On the other hand, if the number of records gets larger, problems will begin to occur.

Problem 1: Repeated data

We notice that for each book they write the author’s name appears with each book. As well as the name of the author, their address and contact details also appear. (Here the contact details is limited to an email address, but in a real live system they would extend to phone#, cellphone#, fax number, as well as phone number for office and for their agent.) This is a lot of data to keep repeating, especially for an author with a lot of books to their credit. The first problem we notice is that extra storage space is taken up.

Problem 2: Updating Problems

Updating can be difficult because if an author changes their address or their contact details then the same details will have to be updated for each book that the author has written. So if an author has written 20 books the same details about the author will have to be repeated 20 times.

Not only is this form of updating very time consuming but it also is tedious and frustrating and consequently is error prone. This could lead to the author having erroneous contact details for some of their book. This problem could be compounded by the fact that during the updating process some author records may be skipped, thus leaving them with their previous, and therefore, erroneous contact details.

What we have said about authors can also be applied to publishers, since each publisher’s details are repeated for each book that they have published and therefore the same problems are associated with updating them.

In order to overcome the issues of excessive storage and inefficient updating we turn to a discipline called Normalisation. This is a technique for breaking the large block of data into smaller and more manageable groupings and cross-referring different groups to each other through what is referred to as Relationships.

Go to top

Relationships

Looking at the data in Fig 1 we see that there are three entities in the data: authors, books and publishers. Examining those entities we see that books are written by authors and therefore we have an author-book relationship. Similarly, publishers publish books: giving us a publisher-book relationship.

Go to top

One-to-many relationships

Of the two relationships in our sample data, we shall first look at the publisher-book relationship since it is the simplest and easiest to resolve.

A publisher publishes many books while each book is published by only one publisher. For this reason, we refer to the publisher-book relationship as one-to-many, i.e. one publisher for many books.

We now use this relationship to perform the first step of normalisation

The first step here is to remove the publisher details to another table. Once you do this you can remove all of the repetitions and in the case of our example you will end up with only two records in your table, as shown in Fig 2 below.

Fig 2

Now you should be able to see one of the advantages of normalisation.
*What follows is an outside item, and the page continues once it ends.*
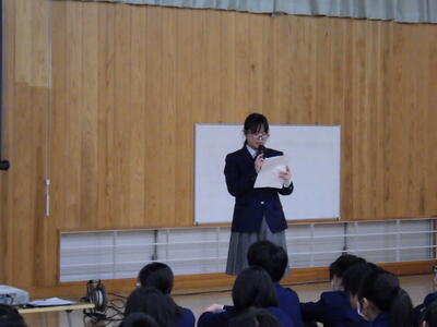 生徒指導の瀧川先生からは、冬休み明け事故報告等がなく、生徒みなさんがこうして集合できたねぎらいのほか、世の中の情報には正確ではないものが多く出回っていること近々スマホの正しい使い方についてのキャンペーンを実施する予告がありました。

Instead of the rows of repetitions in Fig 1 of the publishers’ details, you now have two rows – one for each publisher.

The new table, as it is shown here, is of no use to us, however, since it has been separated from the books and there is no way of referring it back to the other table.

This problem is solved, however, by adding an Id number to each publisher, and adding the same id to the books table. This is shown below in Fig 3.

Fig 3

Using the publisherCode fields of both tables for cross referencing purposes we can now match out publishers and books. Checking the books ‘Skelton road’ and ‘The Hanging Valley’ we see that the former has a publisher code of 1111, which, when we check the publisher table we see is Macmillan, while the latter has a publisher code of 2222, which tells us that it was published by Penguin.

Go to top

Many-to-many Relationships

Establishing the relationship between the book and publisher tables had been reasonably simple since any book is published by only one publisher. On the other hand the relationship between author and book is more complex since an author can write many books, while a book can be written by more than one author. This book-author relationship is referred to as a many-to-many relationship

To solve this relationship we create an extra table into which we copy the keys of the author and publisher entities only – ensuring that the author codes correctly match up with the isbn numbers. Finally we remove all of the author details to their own table. This table will now reduce considerably is size since we can remove all of the repetitions of the same author.
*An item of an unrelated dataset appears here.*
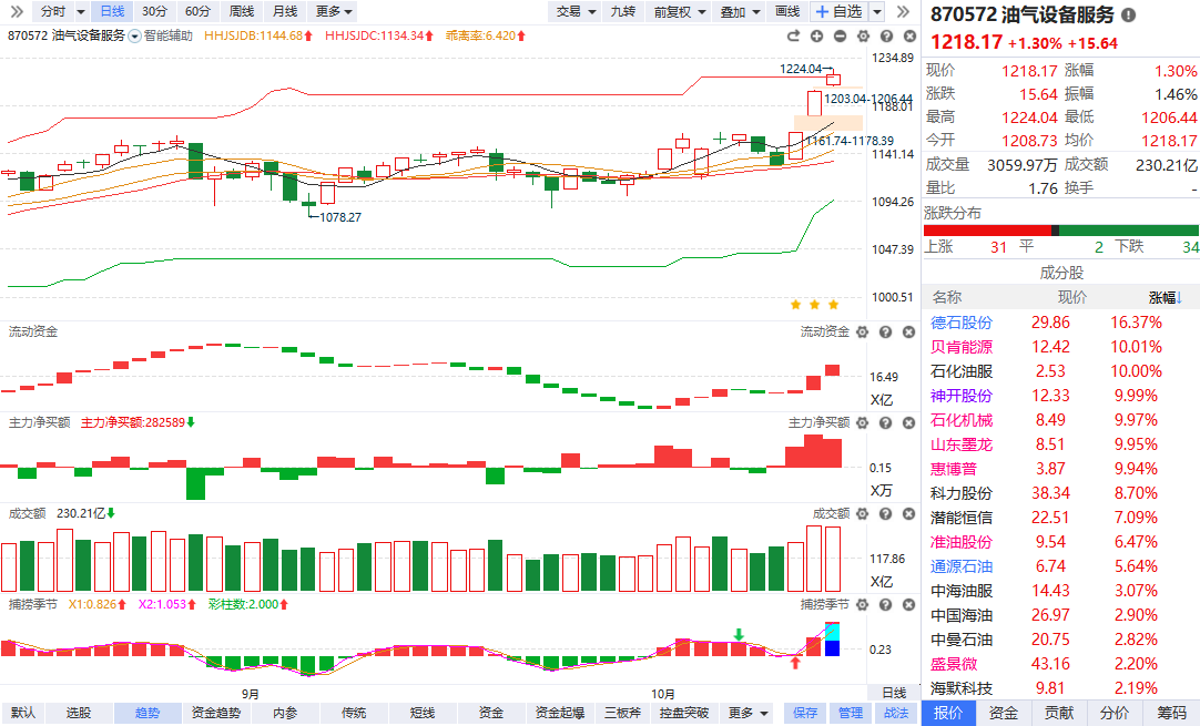 午后油气股持续拉升,贝肯能源直线涨停,潜能恒信涨超10%,惠博普、准油股份、通源石油、中曼石油等快速冲高。

The resulting normalized data is shown in Fig 4 below.

Fig 4
Go to top

The table below shows the key fields for each of our tables.

AuthorAuthor Id
PublisherPubcode
Bookisbn
Book-Authorisbn, Author Id

As stated in an earlier chapter, a key field identifies a unique item the table and for this reason all databases prohibit repetition of values in the key field. When it comes to cross-referring between related tables, however, key fields really come into their own.

One-to-many relationship

Let us first look at the publisher and book tables. If we wish to know which books are published by Macmillan we first look at the key for Macmillan, which in the pubcode field. This turns out to be 1111. Next we search the pubcode field of the book table for this value. We find it in rows 1-5 and 11-16. This means that Macmillan publishes the books listed in those rows.

To summarise the above paragraph we used the pubcode field in the Publisher table to cross-refer to the pubcode field in the Book table. Now, to use some formal database jargon, regarding the publisher-book relationship we refer to the pubcode field in the Publisher table as the main key of the relationship while we refer to the pubcode field in the Book table as the foreign key.

To look at how this relationship actually works we shall look at a simple search of the Publisher and Book tables. If were wanted to find out who published the book Tooth and Nail we take the following steps:

  1. Search the Book table for Tooth and Nail. Once it is found read the value of the pubcode field, which in this case turn out to be 1111.
  2. In the Publisher table we search for 1111 in the pubcode field and find it in the first record. This tells us that Macmillan is the publisher.

Now we shall look at a search in the opposite direction. Here we shall try to find out what books are published by Penguin. Again this is a two stage process:

  1. Search the Publisher table for the value Penguin. Once it is found read the value of the pubcode field. This turns out to be 2222.
  2. Search for 2222 in the pubcode field of the Book table and read the valuein the corresponding title field. This will give us Gallows View, A dedicated man, the Hanging Valley, Wednesdays Child, Dry Bones that Dream, Python for Beginners and The Practice of Programming.

Many-to-many relationship

As stated earlier, due to the fact that authors can write many books and that books can be written by more than one author the author-book relationship is many-to-many. Databases cannot resolve many-to-many relationships and therefore that relationship is broken up into two one-to-many relationships.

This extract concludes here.